PROBLEM DETAILS:
In this exercise, copy exactly the lines from the one that contains "3-Drawer Mobile File" through the end of the entries below; pictures are not copied.

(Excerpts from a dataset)
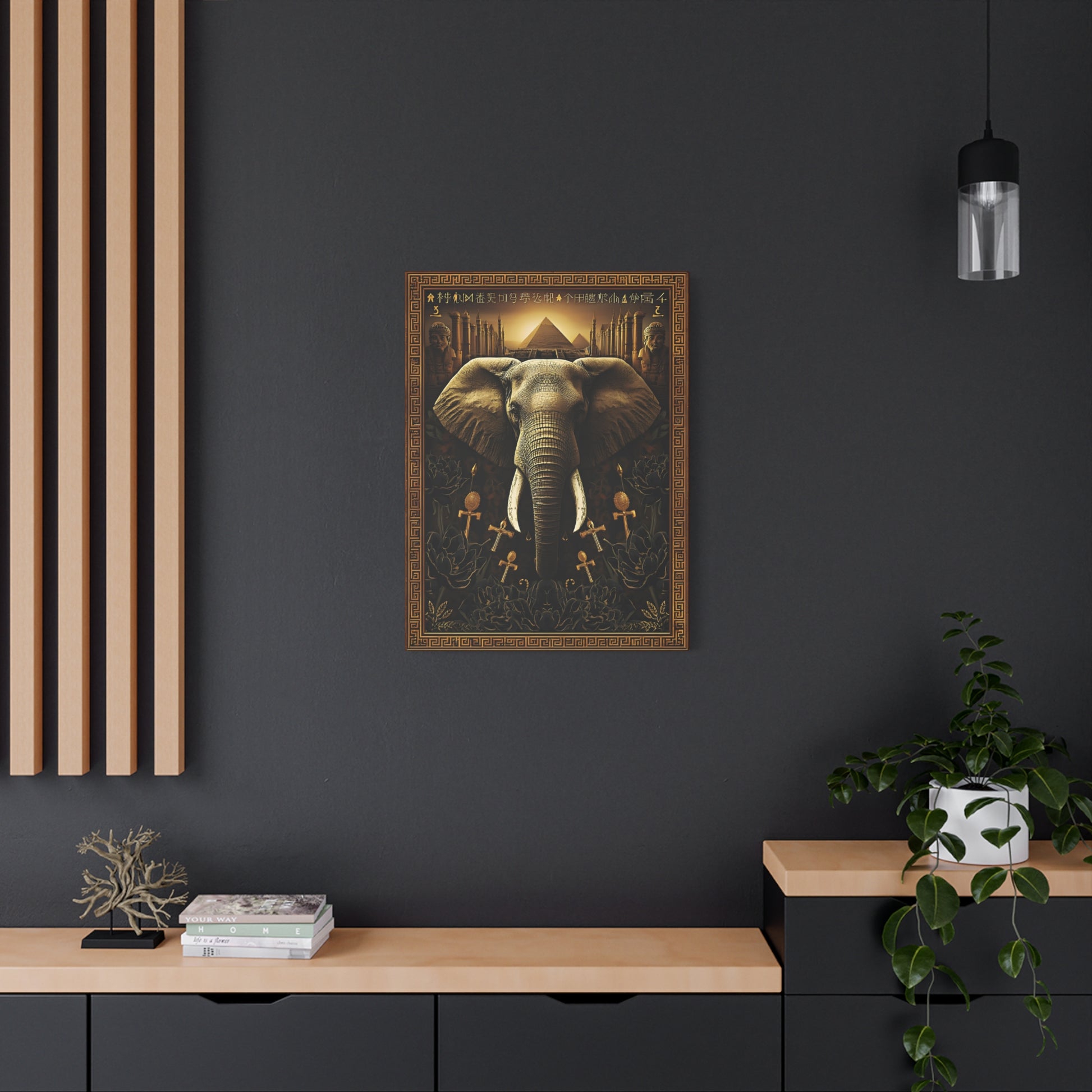 Egyptian Elephant Canvas Print — Pyramid & Ankh Wall Art
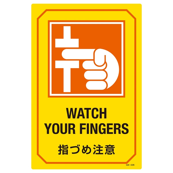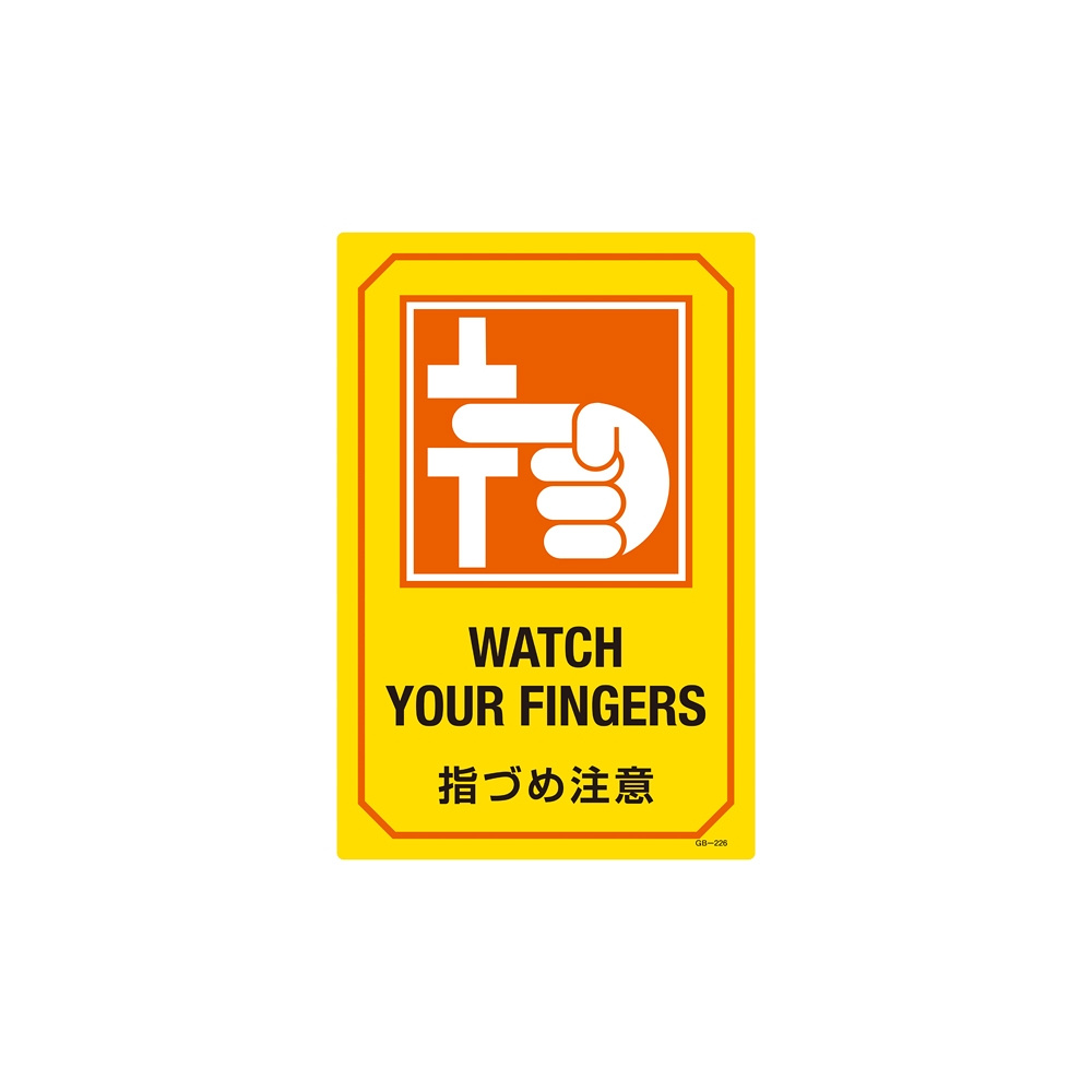 英文字入りサイン標識 450×300×1mm 表記:指づめ注意 (095226)
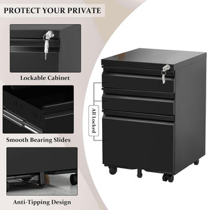 3-Drawer Mobile File Cabinets Rolling Metal Filing Cabinet for Legal & Letter File Anti-tilt Design with Lock Under Desk Office Drawers
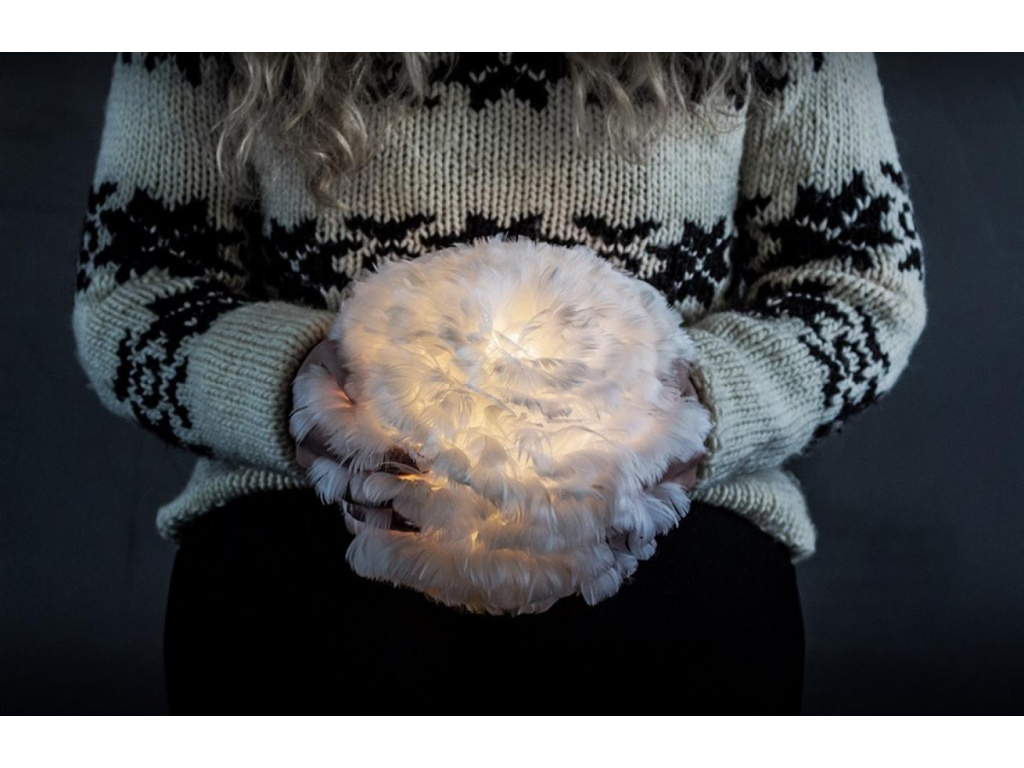 Bílé závěsné světlo Eos Micro z pravých husích per Ø 22 cm
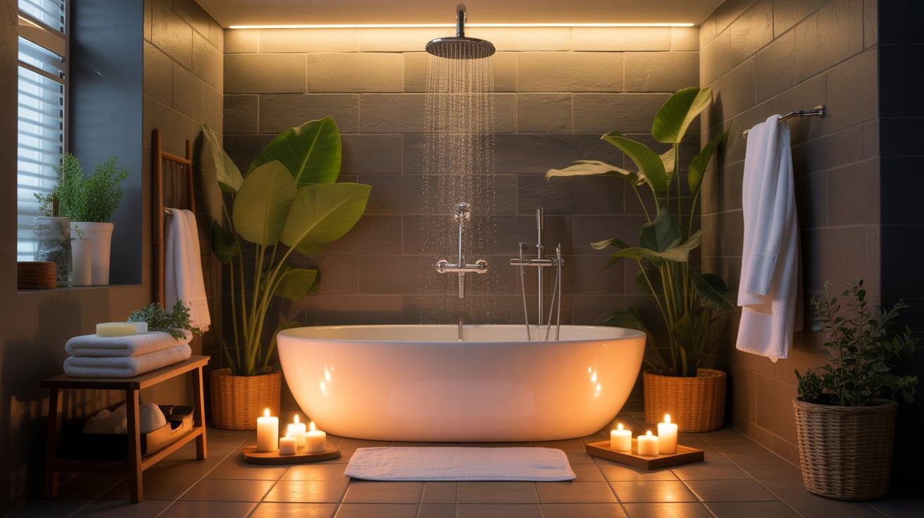 Once I realized my harsh overhead bulb was killing the mood, I swapped it for layered lighting — sconces by the mirror, LED strips near the floor, and a dimmer switch. Now it feels like a spa.

TASK OUTPUT:
 3-Drawer Mobile File Cabinets Rolling Metal Filing Cabinet for Legal & Letter File Anti-tilt Design with Lock Under Desk Office Drawers
 Bílé závěsné světlo Eos Micro z pravých husích per Ø 22 cm
 Once I realized my harsh overhead bulb was killing the mood, I swapped it for layered lighting — sconces by the mirror, LED strips near the floor, and a dimmer switch. Now it feels like a spa.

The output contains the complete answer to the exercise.